I've had my best results with about 30% humidity during incubation and bumping it up to 50-60% at lockdown.I'm in Europe and I've done a little experiment, were basically i got thirty eggs to see what would happen. Now about 10 eggs grew chicks and the whole time I've had a little water in the bottom and is that bad, like will the eggs die? My humidity has been going from 36 to 46 and the temp is always 37.7 in celcius, they seem fine but you all seem like you know what you're doing i think I'm doing alright there on day 6 and they all are looking perfect.

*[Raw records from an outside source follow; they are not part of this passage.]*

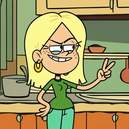 becca_c, blonde hair, earrings, freckles, shirt, pants
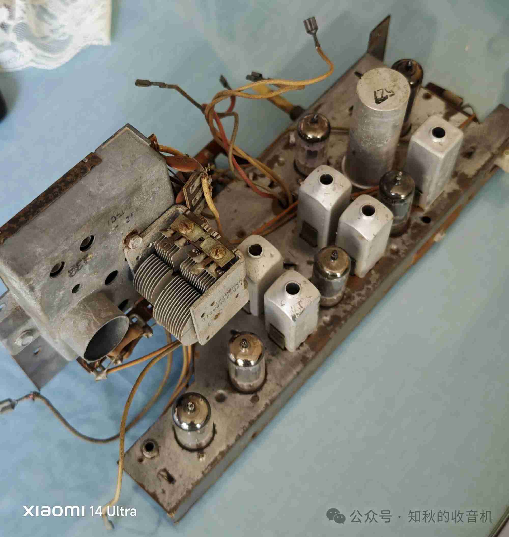 网上淘了一台机壳正面有摩托罗拉的英文字母,不知道是摩托罗拉的什么型号的收音机,此机也是串丝机,使用110伏电压,共用七只电子管,调频部分是两级中放,一极鉴频。调幅部分是正常的两级中放。所用电子管型号:12DT8 12BE6 12BA6 12BA6 12AU6,12AV6 50c5,管子都是摩托罗拉原装管。从管子型号和中放级数看,这是台高档收音机。
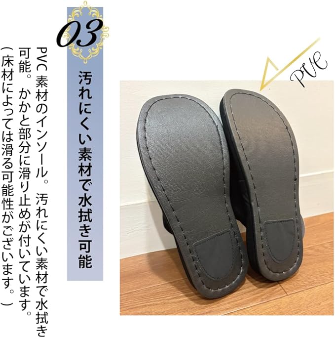 【汚れに強い底材、底裏には滑り止め付き】PVC生地を使用し、汚れてもサッとひと拭きでお手入れの手間いらず。さらに、一番体重のかかる踵部分に滑り止めを付け、滑りにくい仕様にしました。
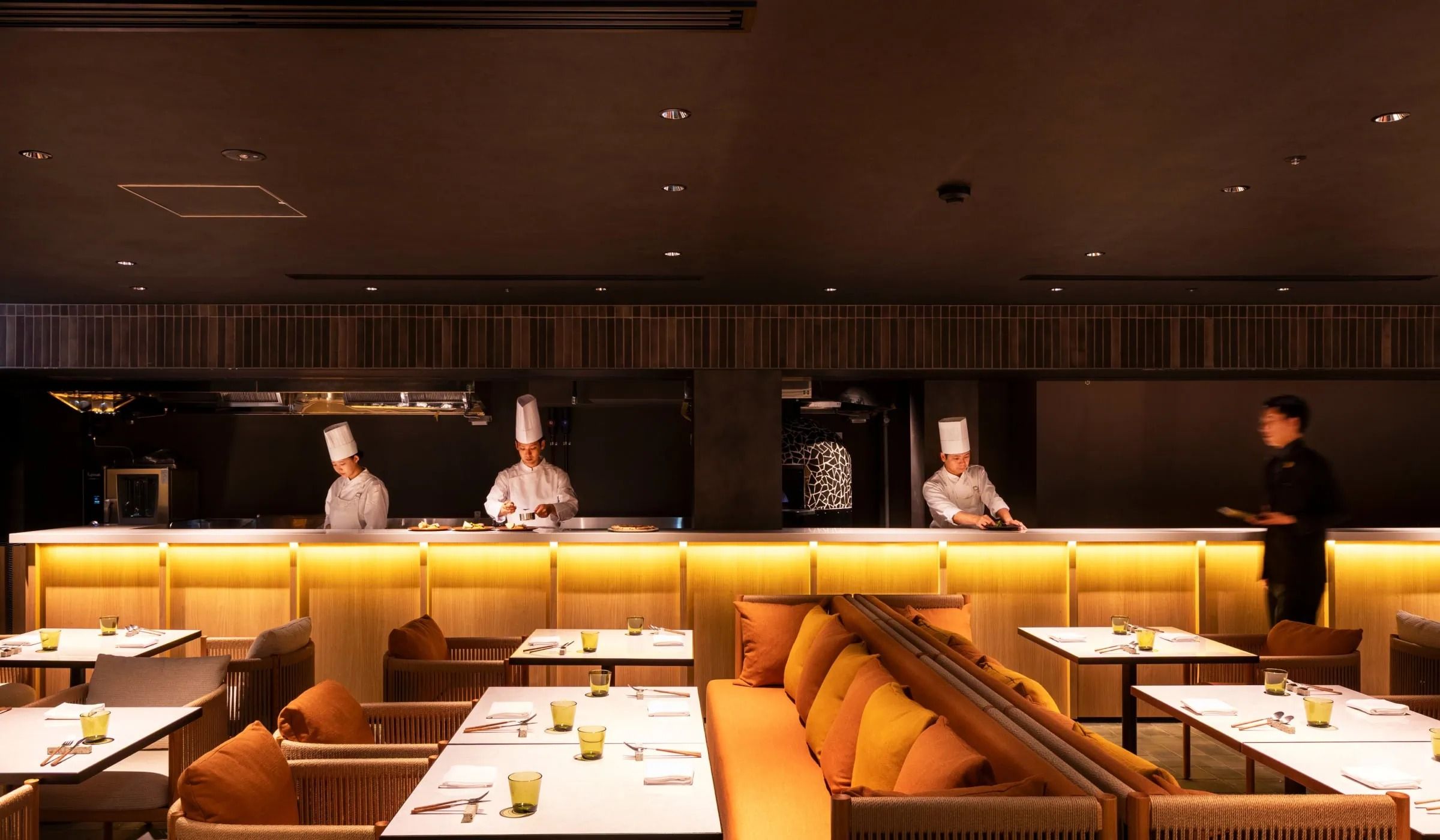 八芳園の3階に佇む「FUDO」は、石窯で仕上げる料理を中心に、和と洋が融合したメニューを楽しめるオールデイダイニングです。朝食からディナーまで、四季折々の素材を活かした料理を、ライブ感あふれるオープンキッチンとともにご堪能いただけます。カジュアルなひとときから大切な記念日まで、多彩なシーンを彩る空間で、心に残る美味しさをご体験ください。
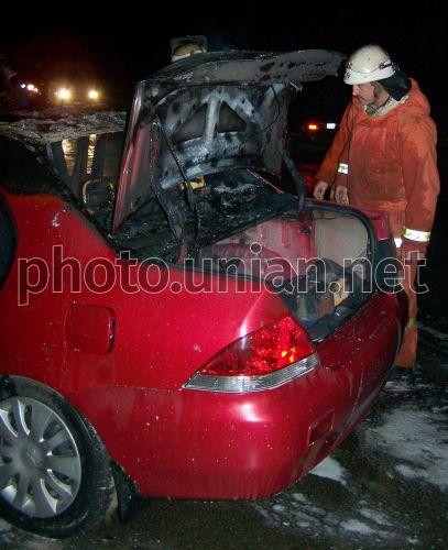Пожарный осматривает машину после тушения пожара на месте ДТП на автотрассе "Бердичев-Житомир" в пригороде Бердичева (Житомирская обл.), в пятницу, 7 декабря 2007 г. В Житомире для контроля за ситуацией на автодорогах установят десять видеокамер. Об этом в пятницу, 7 декабря, на расширенном заседании коллегии прокуратуры Житомирской области по вопросам соблюдения законодательства о безопасности дорожного движения и состояния прокурорского надзора сообщила Житомирский городской председатель Вера Шелудченко. Фото Владимира Соболя / УНИАН
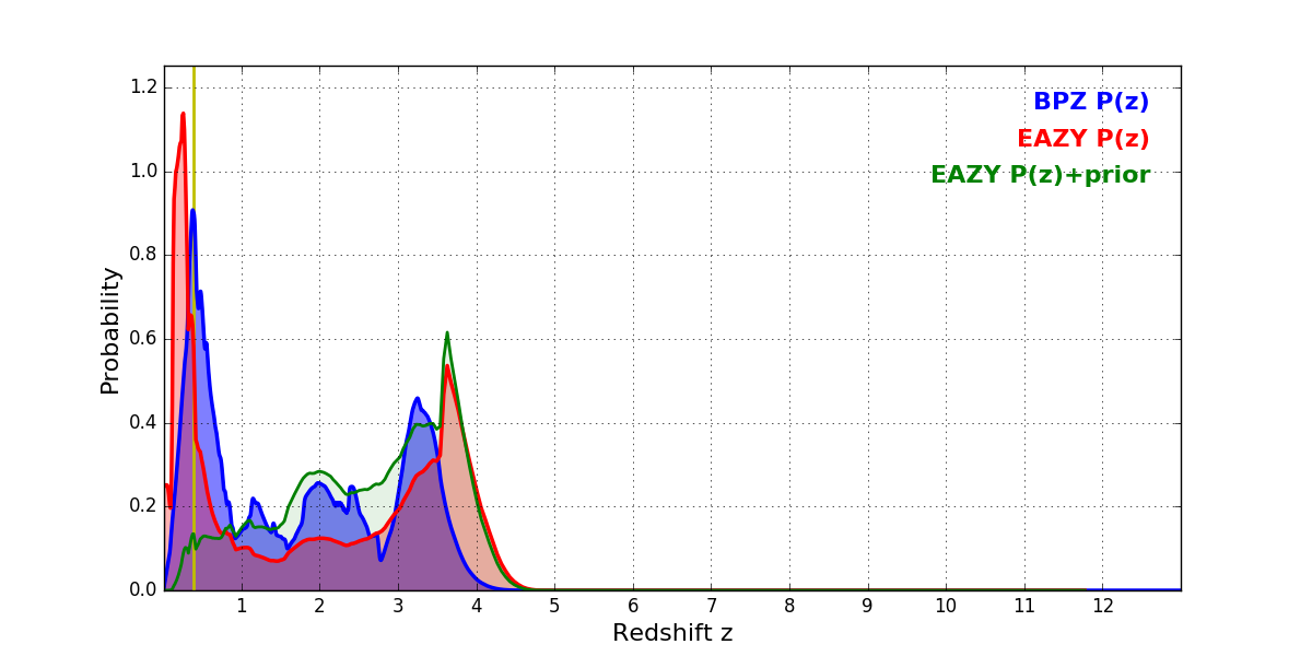 In P(z) plots: Yellow lines mark the cluster redshift z = 0.390,

Ok that's I'm going to try this in my current and future hatching projects.When I tested my incubator before my first attempt, I discovered that it ran at about 21% RH when dry, and bumped all the way up to around 75% with a little water added (in the recommended way). It's crazy that the winter humidity here can be 90% outdoors, while only 30% indoors.
I tried to address these extremes, first by keeping it dry for a a few days, and then adding the water (which fully evaporated in 3 days), hoping for a reasonable average RH over time. Later, I tried adding little jar lids of water rather that the full reservoir to reduce the surface area of water, hoping for a lower high RH. That worked.
Sorry I'm not really answering your question because I'm new to this, but these are a couple options for playing with your levels.